#### DATA
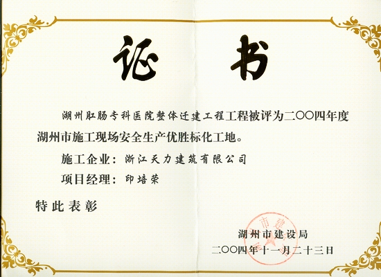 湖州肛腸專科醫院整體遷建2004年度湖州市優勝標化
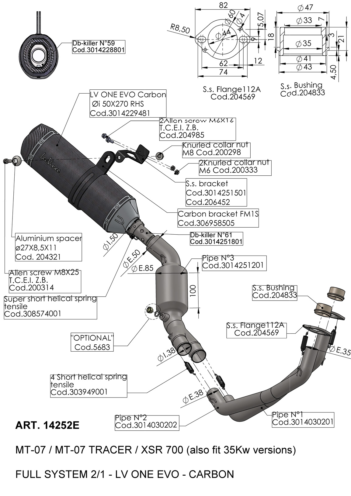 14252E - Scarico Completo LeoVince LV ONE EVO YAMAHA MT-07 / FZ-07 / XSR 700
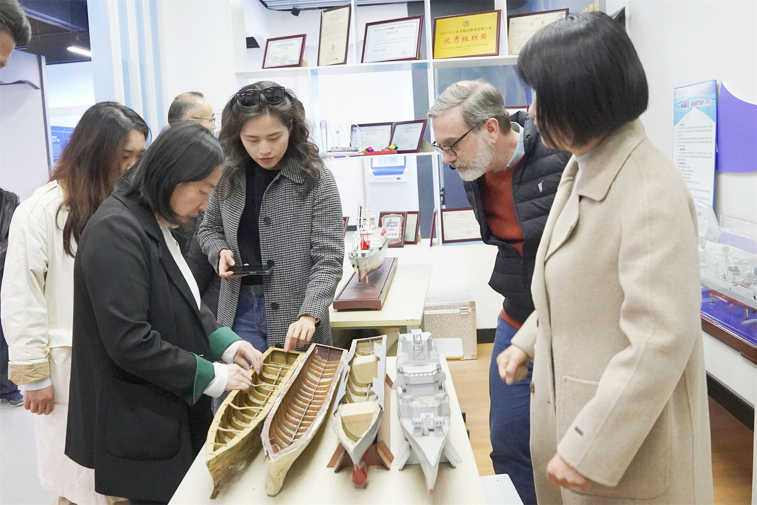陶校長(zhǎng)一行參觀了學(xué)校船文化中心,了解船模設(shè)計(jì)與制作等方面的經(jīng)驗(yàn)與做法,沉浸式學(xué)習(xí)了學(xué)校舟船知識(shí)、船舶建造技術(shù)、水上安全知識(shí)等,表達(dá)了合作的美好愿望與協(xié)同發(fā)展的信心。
########
▶ _WHAT IS EXPECTED_
In the listing above, find the line containing "14252E - Scarico" and restate it and every later line verbatim, with the pictures left out.

▶ _RESPONSE TO THIS TASK_
 14252E - Scarico Completo LeoVince LV ONE EVO YAMAHA MT-07 / FZ-07 / XSR 700
陶校長(zhǎng)一行參觀了學(xué)校船文化中心,了解船模設(shè)計(jì)與制作等方面的經(jīng)驗(yàn)與做法,沉浸式學(xué)習(xí)了學(xué)校舟船知識(shí)、船舶建造技術(shù)、水上安全知識(shí)等,表達(dá)了合作的美好愿望與協(xié)同發(fā)展的信心。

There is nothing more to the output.